On top of that there is always pressure of time, high volumes of changes, and so on. This makes localization a complicated and error-prone process. It is so hard to predict what strings can be localized and how they can be localized without introducing functional errors, that translating software strings can be compared with walking in a mine field.

The basic problem is that there has never been a framework providing a way to separate strings used for functionality and strings that are displayed in the user interface. Because of the lack of this framework, people have not been forced to think about impact on localization, and their software designs have not been fully international-enabled.

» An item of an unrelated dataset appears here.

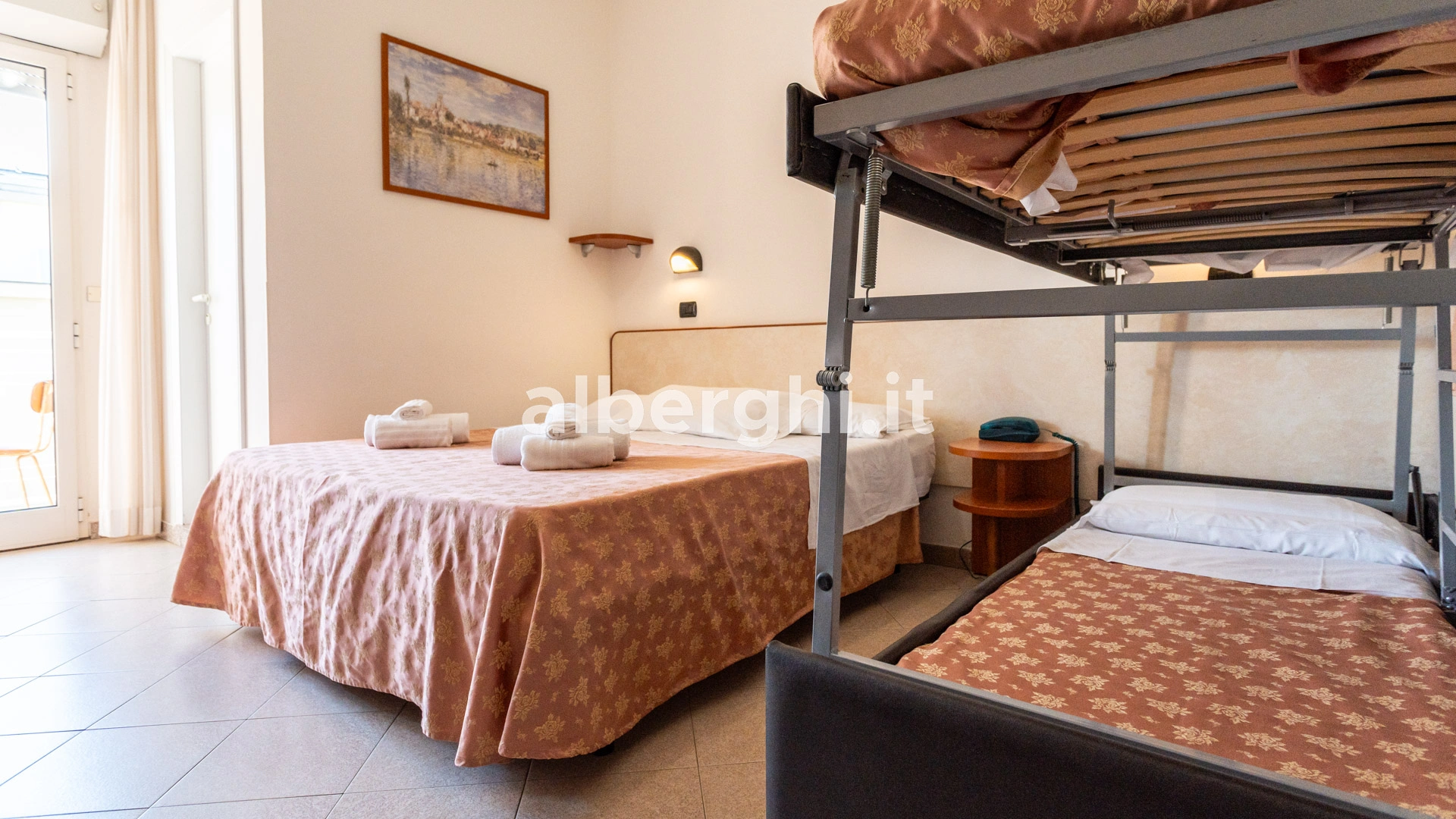 FAMILY: camere comunicanti composte da una camera con letto matrimoniale e una con letto a castello, bagno in comune, due balconi.

A resource table means different things for development as for localization. A resource table for development is a central storage of strings used in the code. If the string changes, the string can be changed in one location in the resource table, instead of in many places in the code. It is also a safer practice to do so, not changing code unnecessarily. Localization sees a resource table as a set of resources that need to get localized, however these strings are not necessarily user interface strings requiring localization. Some of the strings are used functionally, represent keys, identifiers, etc., and translating them can have negative functional impact.

In some cases information has been added to the source files meant for localization and localizers, however this information is lost during compilation. Localization normally uses a no-compile process (localizing the compiled binaries instead of the source files), this information is not visible to the localizer.

The best way to move forward is to integrate "thinking about localization" in the design, development, and test cycle. We need to setup a framework and guidelines to help development with this task. Support must be provided where needed.

The proposed framework exists of two pieces, the first part is the clear separation of resources in "functionality related resources" and "user interface-related resources," together with solving some of the current limitations and dependencies in the software. This we call the "language neutral product" (for more information, see Isolating Localizable Resources).

The second part of the proposed framework is pseudo localization. Pseudo localization is a simulated localized product. Every string gets replaced by a semi-random pseudo localized string. The product can then be tested for its localizability, without paying the sometimes expensive costs for an actual translation.